*Information shown:*
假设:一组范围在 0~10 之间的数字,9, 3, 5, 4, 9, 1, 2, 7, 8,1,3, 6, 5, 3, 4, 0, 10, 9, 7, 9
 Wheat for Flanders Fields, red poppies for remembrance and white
...
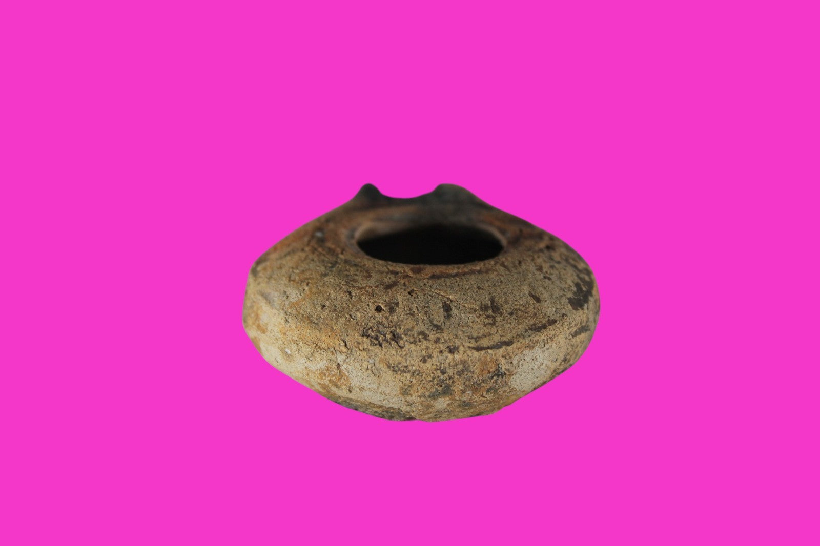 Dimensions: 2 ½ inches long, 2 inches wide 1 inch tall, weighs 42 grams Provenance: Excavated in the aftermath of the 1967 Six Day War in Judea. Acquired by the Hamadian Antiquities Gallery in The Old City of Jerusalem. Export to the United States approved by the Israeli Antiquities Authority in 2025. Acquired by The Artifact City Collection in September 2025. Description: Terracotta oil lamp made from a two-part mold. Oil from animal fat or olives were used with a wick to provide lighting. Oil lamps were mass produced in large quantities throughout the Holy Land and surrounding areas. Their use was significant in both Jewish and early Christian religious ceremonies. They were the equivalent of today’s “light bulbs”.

*What you should do:*
Please give an exact copy of the lines above, beginning with the line containing "10, 9, 7, 9" and running through the line containing "Wheat for Flanders", and of no other lines.

*Answer below:*
假设:一组范围在 0~10 之间的数字,9, 3, 5, 4, 9, 1, 2, 7, 8,1,3, 6, 5, 3, 4, 0, 10, 9, 7, 9
 Wheat for Flanders Fields, red poppies for remembrance and white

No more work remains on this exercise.